Only the lines below from the one that holds "En el fondo" through the one that holds "HERMES Шёлковый шарф, Green/Blue/Orange" should appear in the answer, copied exactly, end lines included and pictures omitted.

**Task data**
──────────

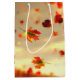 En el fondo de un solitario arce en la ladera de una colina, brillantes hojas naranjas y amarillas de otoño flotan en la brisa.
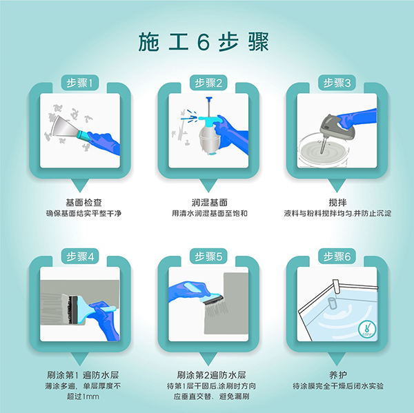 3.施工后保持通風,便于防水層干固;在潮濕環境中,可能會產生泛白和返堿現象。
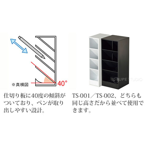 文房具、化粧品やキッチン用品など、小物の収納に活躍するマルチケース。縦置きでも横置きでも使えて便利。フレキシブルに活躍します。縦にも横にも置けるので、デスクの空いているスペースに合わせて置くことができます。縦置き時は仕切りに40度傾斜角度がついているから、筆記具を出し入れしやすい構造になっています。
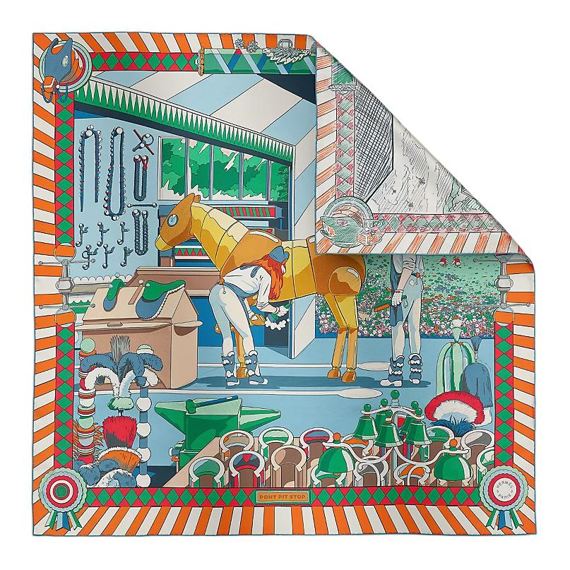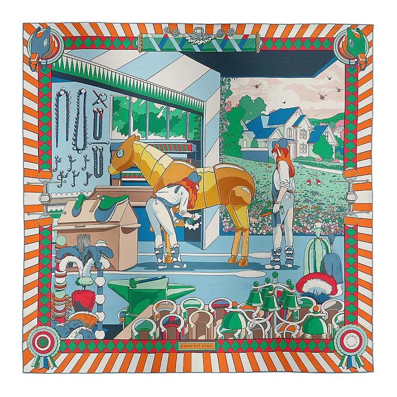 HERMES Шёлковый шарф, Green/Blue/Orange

──────────

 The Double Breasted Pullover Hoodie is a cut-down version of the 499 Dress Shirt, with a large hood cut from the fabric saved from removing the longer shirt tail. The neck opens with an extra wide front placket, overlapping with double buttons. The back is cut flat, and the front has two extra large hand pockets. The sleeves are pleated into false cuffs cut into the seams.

──────────

**Finished task**
 En el fondo de un solitario arce en la ladera de una colina, brillantes hojas naranjas y amarillas de otoño flotan en la brisa.
 3.施工后保持通風,便于防水層干固;在潮濕環境中,可能會產生泛白和返堿現象。
 文房具、化粧品やキッチン用品など、小物の収納に活躍するマルチケース。縦置きでも横置きでも使えて便利。フレキシブルに活躍します。縦にも横にも置けるので、デスクの空いているスペースに合わせて置くことができます。縦置き時は仕切りに40度傾斜角度がついているから、筆記具を出し入れしやすい構造になっています。
 HERMES Шёлковый шарф, Green/Blue/Orange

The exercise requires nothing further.